### Work to be completed:
Your response should consist of the entire listing, transcribed exactly, with every image left out.
Start of Supplied material
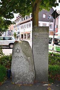 Vor dem Alten Rathaus befinden sich auf einer kleinen Grünfläche zwei Gedenksteine für die verfolgten und ermordeten jüdischen Einwohner der Stadt.
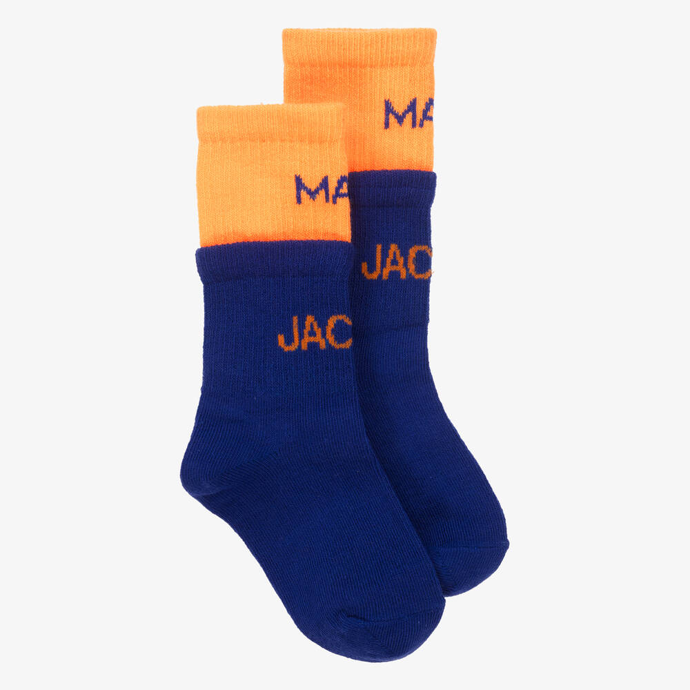 Blue and neon-orange socks for boys from MARC JACOBS, with a double-layer look. Made in a softly knitted cotton blend, they are signed with jacquard branding on the ankle for those cool designer details.
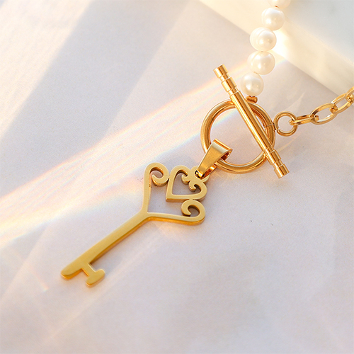 Questi ciondoli a forma di chiave sono perfetti per collane e orecchini. Fissa i ciondoli a un orecchino a cerchio con un anellino apribile e abbinali a una catena a rolò. Utilizza le varie collane già pronte della collezione a cui potrai appendere i ciondoli o crea la tua collana di tendenza con perle d'acqua dolce e catena a rolò, completandola con una chiusura a T in acciaio inossidabile. Appendi il ciondolo alla chiusura e indossala sul davanti.
End of Supplied material
### Response below:
 Vor dem Alten Rathaus befinden sich auf einer kleinen Grünfläche zwei Gedenksteine für die verfolgten und ermordeten jüdischen Einwohner der Stadt.
 Blue and neon-orange socks for boys from MARC JACOBS, with a double-layer look. Made in a softly knitted cotton blend, they are signed with jacquard branding on the ankle for those cool designer details.
 Questi ciondoli a forma di chiave sono perfetti per collane e orecchini. Fissa i ciondoli a un orecchino a cerchio con un anellino apribile e abbinali a una catena a rolò. Utilizza le varie collane già pronte della collezione a cui potrai appendere i ciondoli o crea la tua collana di tendenza con perle d'acqua dolce e catena a rolò, completandola con una chiusura a T in acciaio inossidabile. Appendi il ciondolo alla chiusura e indossala sul davanti.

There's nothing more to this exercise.